-- Task objective --
In the lines below, output everything from the first line through the line containing "英語試験(IELTS & TOEFL iBT)準備ワークショップ(セッション3) 2022/07/18" exactly as it is. Pictures are not part of the output.
BEGIN Input for this task
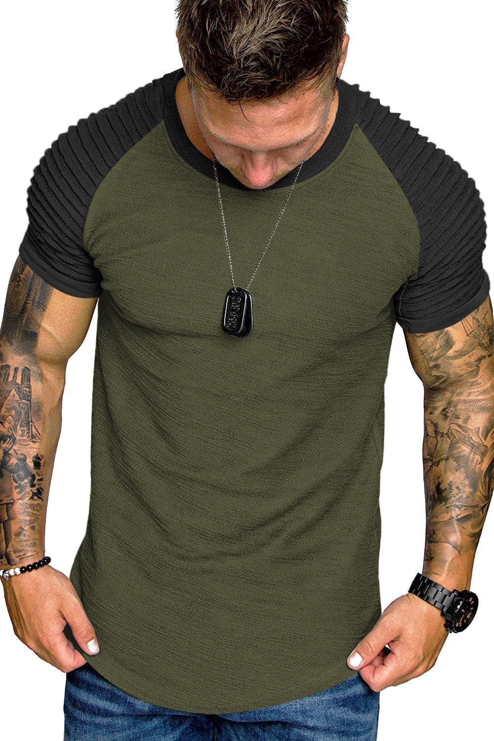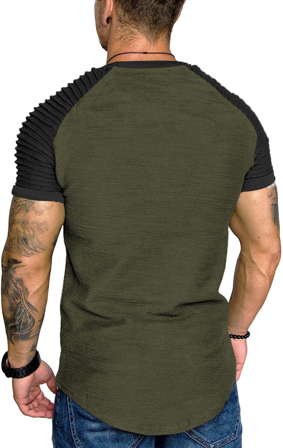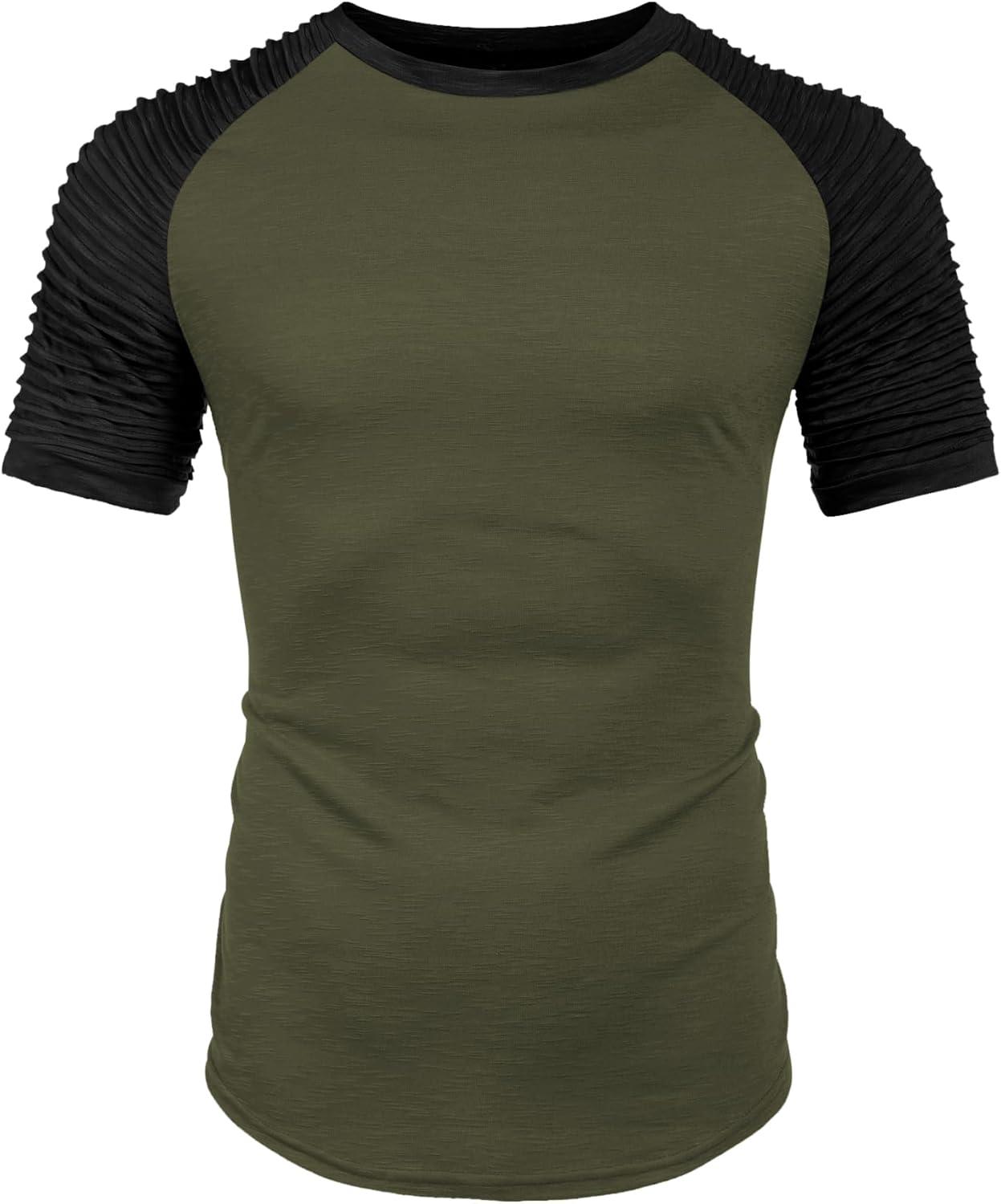 COOFANDY Men's Muscle T-Shirt Pleated Raglan Sleeve Bodybuilding Gym Tee Short Sleeve Fashion Workout Shirts Hipster Shirt(Pattern3 (Army Green & Black))
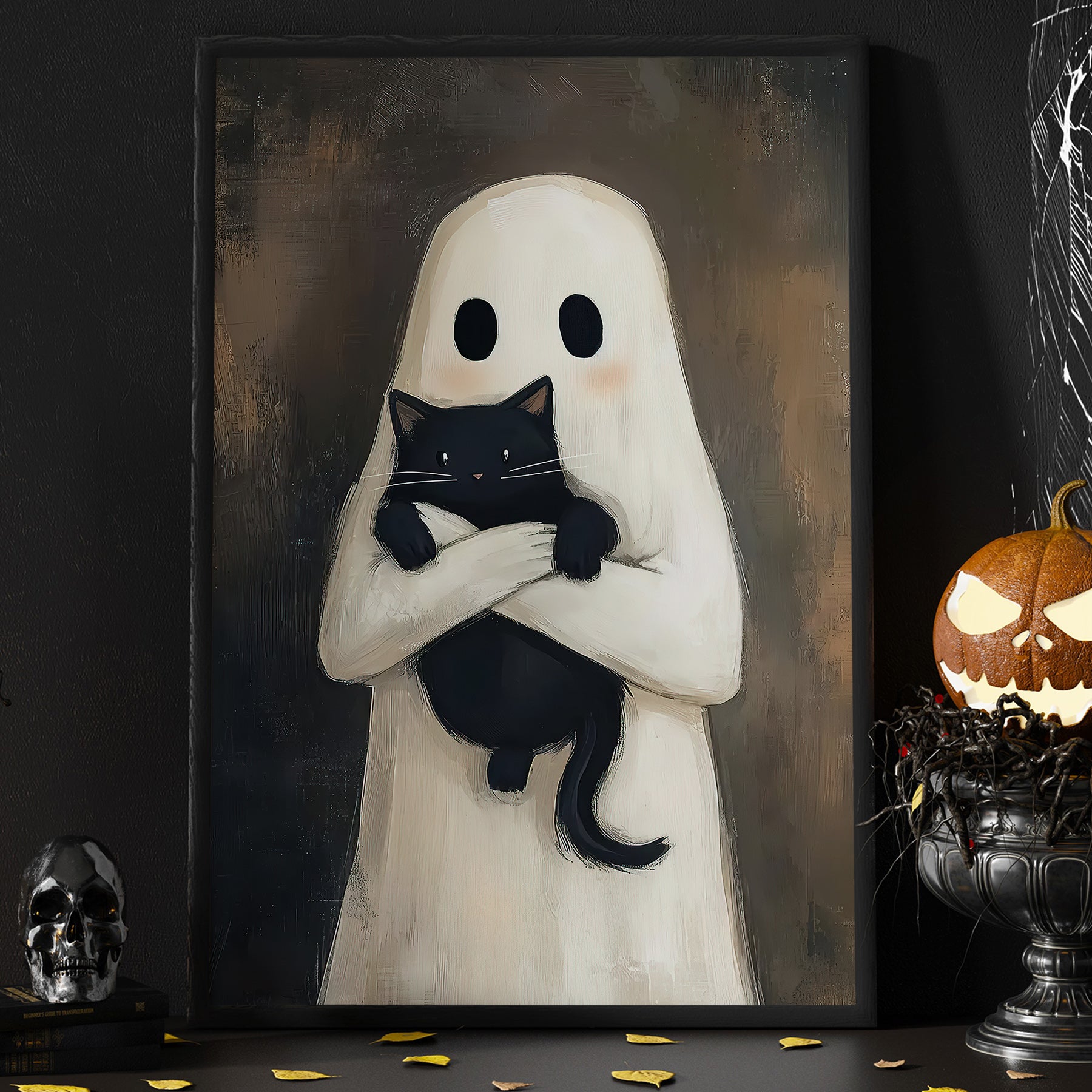Vintage Halloween Canvas Painting, Ghost Hug Cat Spooky Season Wall Art Decor, Halloween Poster Gift For Ghost Lovers
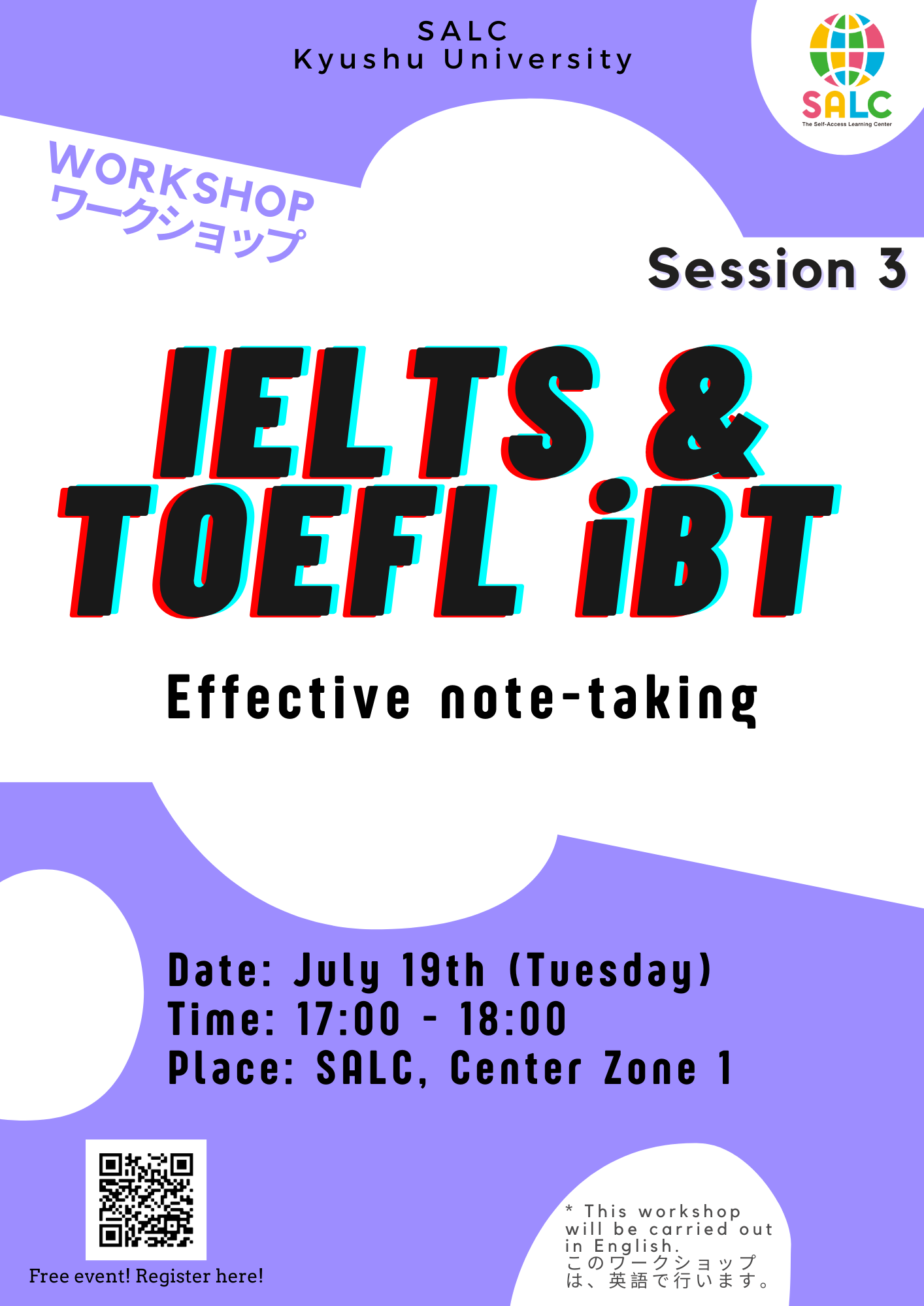 英語試験(IELTS & TOEFL iBT)準備ワークショップ(セッション3) 2022/07/18 英語試験(IELTS & TOEFL iBT)準備ワークショップ(セッション3)が明日から開催され、17時に始まります! 予約リンク: https://forms.gle/MaFTwkMGXYazwtGo6 *このワークショップは、英語で行います。
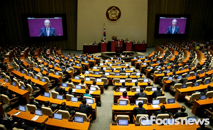 (서울=포커스뉴스) 21일 오전 서울 여의도 국회에서 열린 343회 국회(임시회) 4차 본회의에 참석한 김종인 더불어민주당 비대위 대표가 교섭단체 대표연설을 하고 있다.
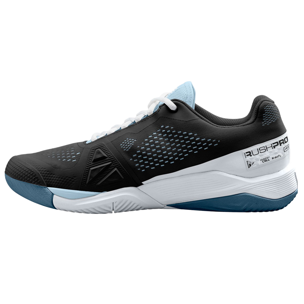 The Wilson Women’s Rush Pro 4.0 Tennis Shoes (Black/White/China Blue) is designed for best performance on all court surfaces.
END Input for this task
-- Task solution --
 COOFANDY Men's Muscle T-Shirt Pleated Raglan Sleeve Bodybuilding Gym Tee Short Sleeve Fashion Workout Shirts Hipster Shirt(Pattern3 (Army Green & Black))
Vintage Halloween Canvas Painting, Ghost Hug Cat Spooky Season Wall Art Decor, Halloween Poster Gift For Ghost Lovers
 英語試験(IELTS & TOEFL iBT)準備ワークショップ(セッション3) 2022/07/18 英語試験(IELTS & TOEFL iBT)準備ワークショップ(セッション3)が明日から開催され、17時に始まります! 予約リンク: https://forms.gle/MaFTwkMGXYazwtGo6 *このワークショップは、英語で行います。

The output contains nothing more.